In dating -- sometimes called courtships or just relationships -- couples traditionally engage in monogamous committed relationships as a source of mutual emotional fulfillment. These relationships are typically characterized by the absence of marriage or cohabitation. This lends a casual dimension to the relationship by allowing either or both partners to dissolve the relationship on grounds such as incompatibility or the loss of emotional connection. Dating is theoretically built on a sense of intimacy and mutual respect, yet it can contain elements of physical and psychological abuse.

It is important to make a distinction between dating violence and marital violence. Their physical and psychological outcomes are similar, but their origins are very different. In initial studies researchers hypothesized that the occurrence of violence in courtships reflected their similarity to marriages. These studies showed that marital violence resulted from stresses related to financial problems and to the maintaining of a home as well as bringing up children. Dating violence, by contrast, results from conflicts related to the relationship and the roles and expectations of each partner.

The majority of studies on dating violence have centered on American high school students and college-aged men and women. As many as 65 percent of those studied in the late 1980s and 1990s indicated that their relationships had included instances of unwanted aggressive physical contact. Other studies have yielded a prevalence of relationship violence at around 10 per cent. Experts indicate that such large inconsistencies suggest the unwillingness of victims to come forward in certain cases.

Dating violence spans a range of ill-willed physical behavior or threats. This commonly includes such actions as slapping and punching. Other actions include forced restraint, or pinning, and pushing. More extreme examples include violence of an unwanted sexual nature. Researchers assert that such violent behaviors result from one partner's desire to control the other and may be exacerbated by outside circumstances surrounding the relationship.

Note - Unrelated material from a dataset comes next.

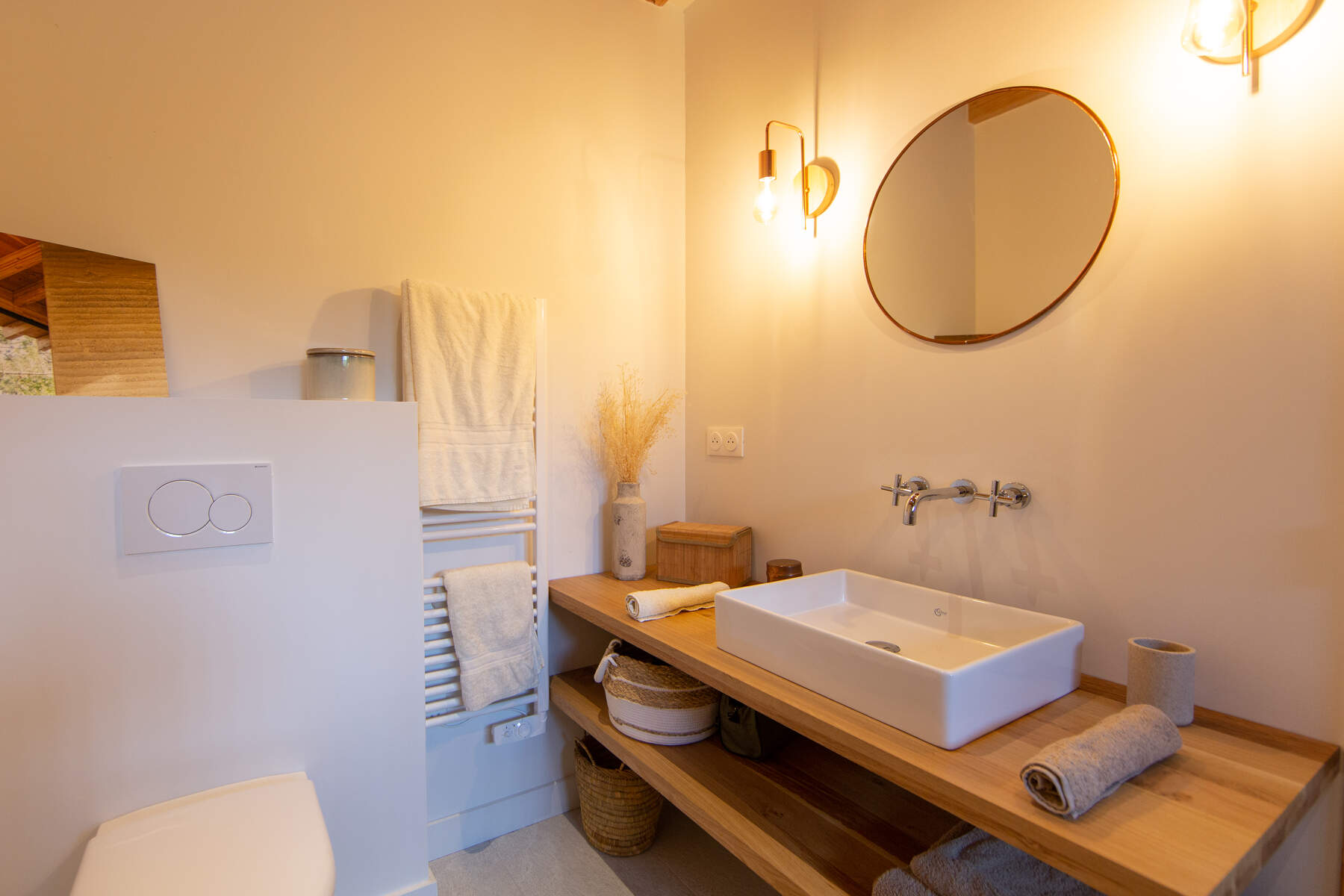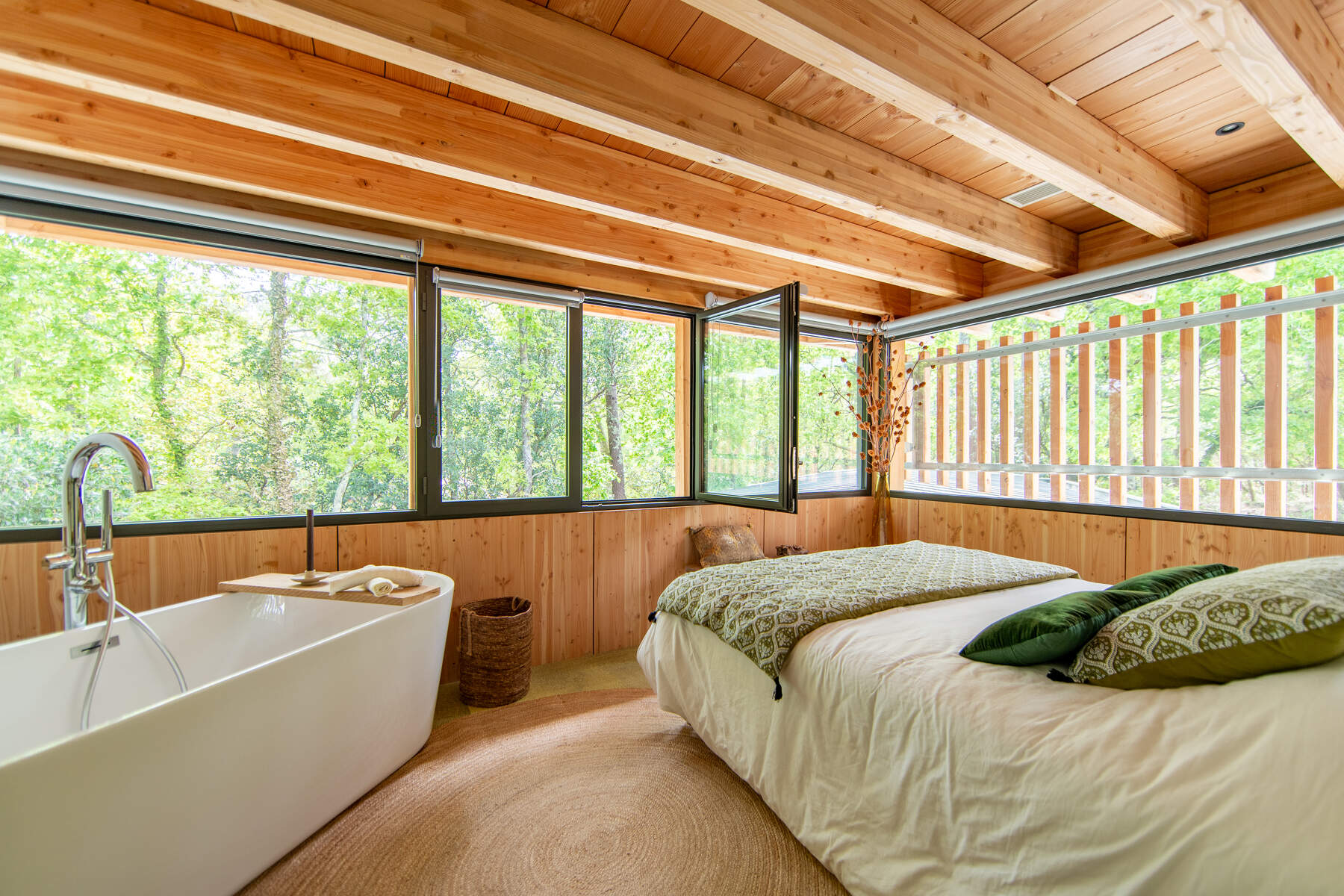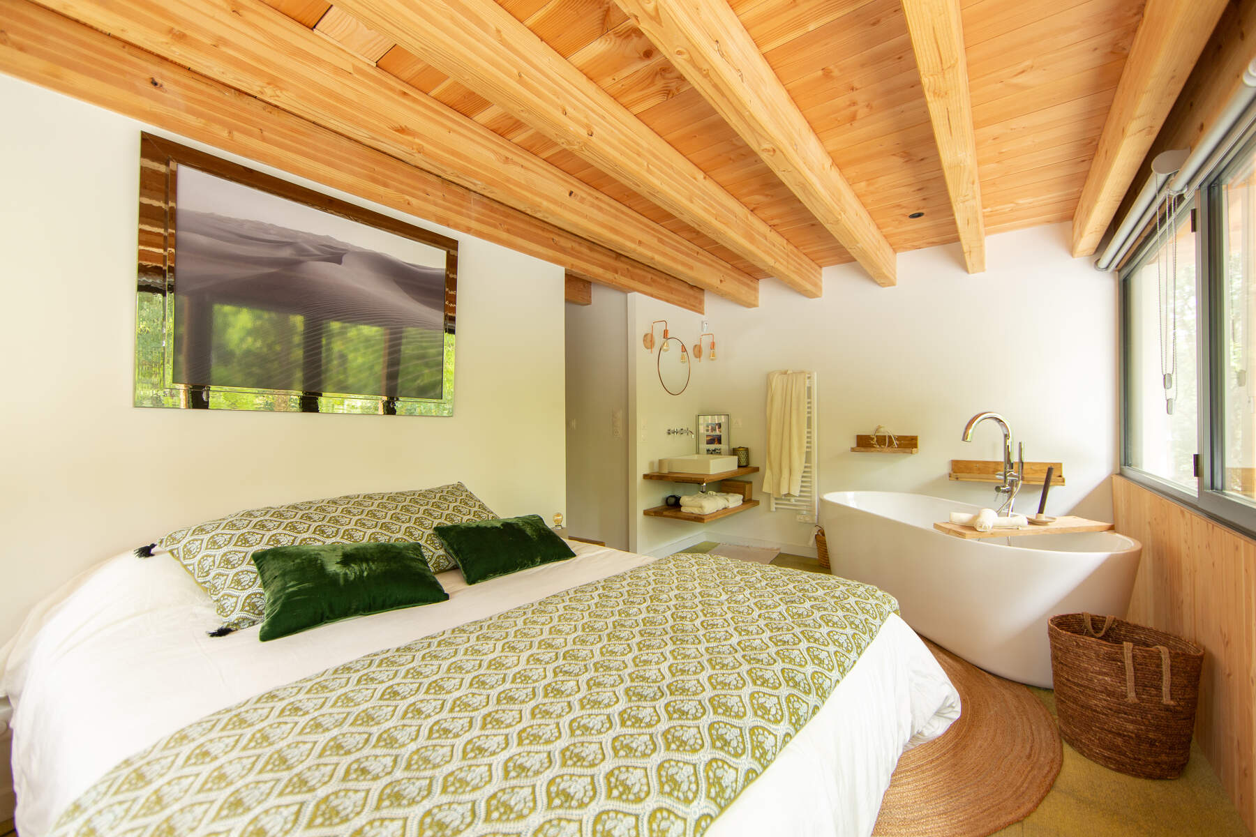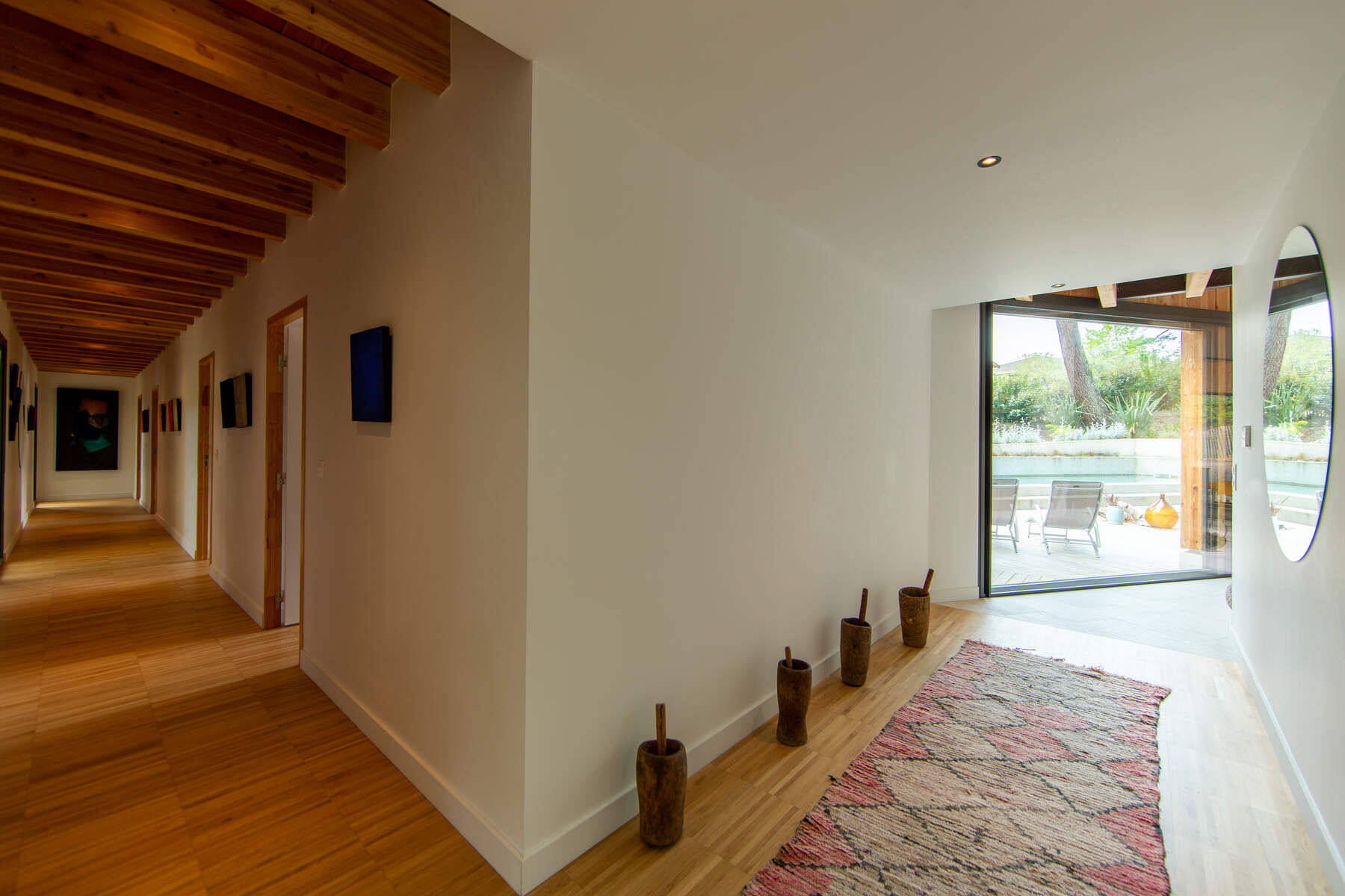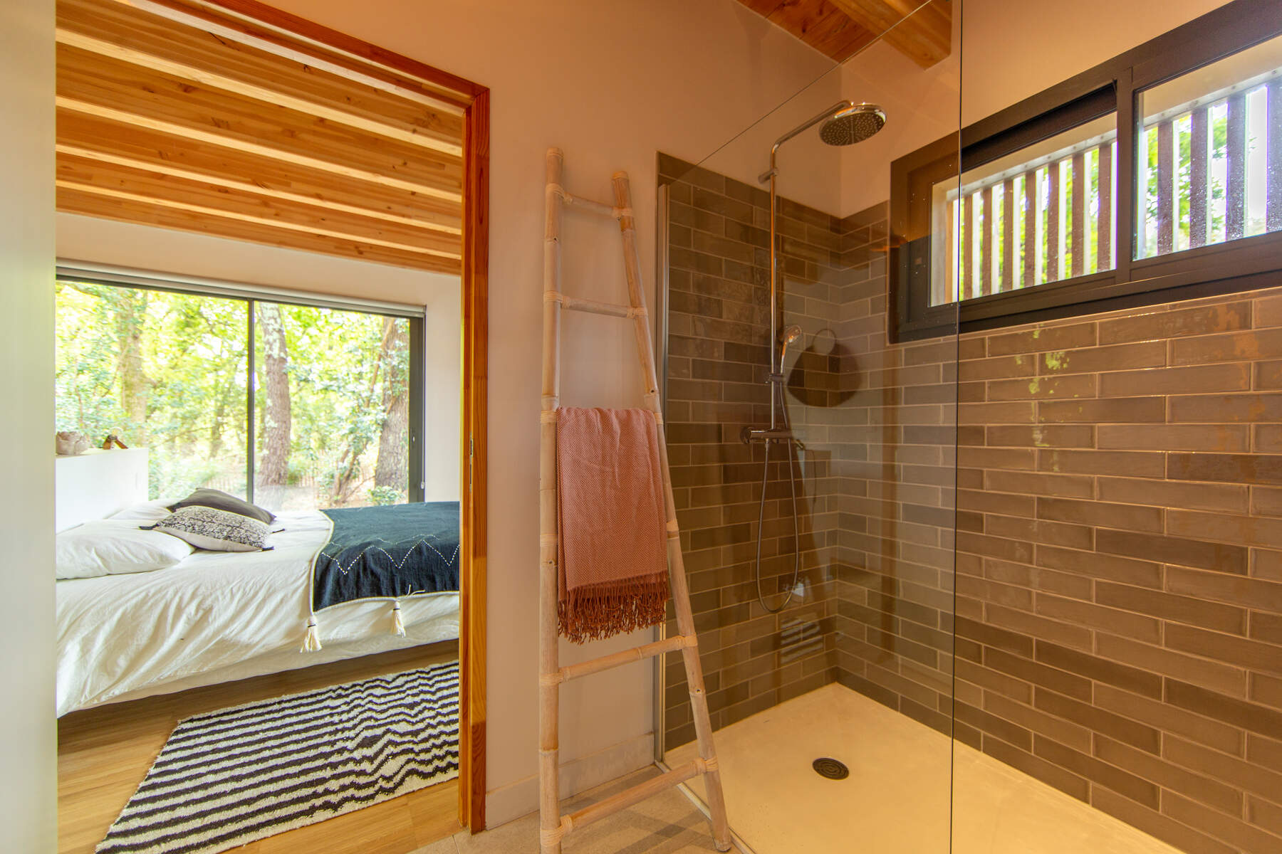 Cette magnifique villa cachée au cœur d’une nature environnante. La décoration sobre mais chic avec des matériaux naturels cous invite au calme. Vos vacances dans un cadre boisé bercé par la douce musique du feuillage dans les arbres. La piscine chauffée juste devant la terrasse est parfaite pour vos baignades et sécurisée par un volet pour les enfants. De plus, toutes les chambres ont un accès jardin pour le confort des vacanciers.

Studies also suggest that violent actions are frequently elicited by jealousy on the part of one partner or as a response exacerbated by the effects of drugs or alcohol.

In addition to physical aggression and threats, stalking has been cited by researchers as an abusive, intimidating tactic that can occur in dating relationships. Stalking is defined as the obsessive tracking and following of one person by another. Stalking typically characterizes one partner's pursuit of the other after the relationship has ended. Partners may stalk one another in dating relationships out of a drive for control or latent sense of distrust or insecurity.

The tendency toward violence in dating relationships frequently originates in how one or both partners in a relationship view aggressive physical contact and threats as suitable behavior in the relationship. Anonymous studies of men and women have found that a fair percentage of both feel that the use of physical force is justified. Some even indicated that they felt it could potentially benefit the relationship.

Threats and physical responses to conflicts in dating relationships depend heavily on personality and early environment. In other words, people who have witnessed adults interacting violently with one another or have experienced abuse themselves as children are more likely to resort to physical force in their own relationships. Studies indicate that violence on the part of women in a relationship is not generally perceived to be as damaging as that committed by men. Of the sparse studies of violence with gay and lesbian couples, as high as 45 percent of men and 52 percent of women indicate that they have been the victims of physical aggression or threats in their own relationships.

Experts have theorized that the role of violence differs for both men and women. While men display violence in order to exert some manner of control, women behave violently in response to emotional frustration. Whether violence is perpetrated by a man or a woman, the psychological repercussions affect both victims and their relationships. The private nature of dating violence makes it incumbent on couples to proactively seek assistance if they wish to stop it and foster greater safety and trust within the relationship.

Dating Violence: Selected full-text books and articles

Violence in Dating Relationships: Emerging Social Issues
Maureen A. Pirog-Good; Jan E. Stets.
Praeger, 1989
It's My Life Now: Starting over after an Abusive Relationship or Domestic Violence
Meg Kennedy Dugan; Roger R. Hock.
Routledge, 2000
The Psychology of Sexual Victimization: A Handbook
Michele Antoinette Paludi.
Greenwood Press, 1999
Librarian’s tip: Chap. 2 "Physical Violence in Dating Relationships"
The Dark Side of Interpersonal Communication
William R. Cupach; Brian H. Spitzberg.
Lawrence Erlbaum Associates, 1994
Librarian’s tip: Chap. 12 "Physical and Psychological Abuse"
The Handbook of Sexuality in Close Relationships
John H. Harvey; Amy Wenzel; Susan Sprecher.
Lawrence Erlbaum Associates, 2004
Librarian’s tip: Chap. 12 "Sexual Aggression in Romantic Relationships"
The Dark Side of Close Relationships
Brian H. Spitzberg; William R. Cupach.
Lawrence Erlbaum Associates, 1998
Librarian’s tip: Chap. 7 "Sexual Coercion in Courtship Relations"
Sexuality in Close Relationships
Kathleen McKinney; Susan Sprecher.
Lawrence Erlbaum Associates, 1991
Librarian’s tip: Chap. 8 "Sexual Violence and Coercion in Courtship Relationships"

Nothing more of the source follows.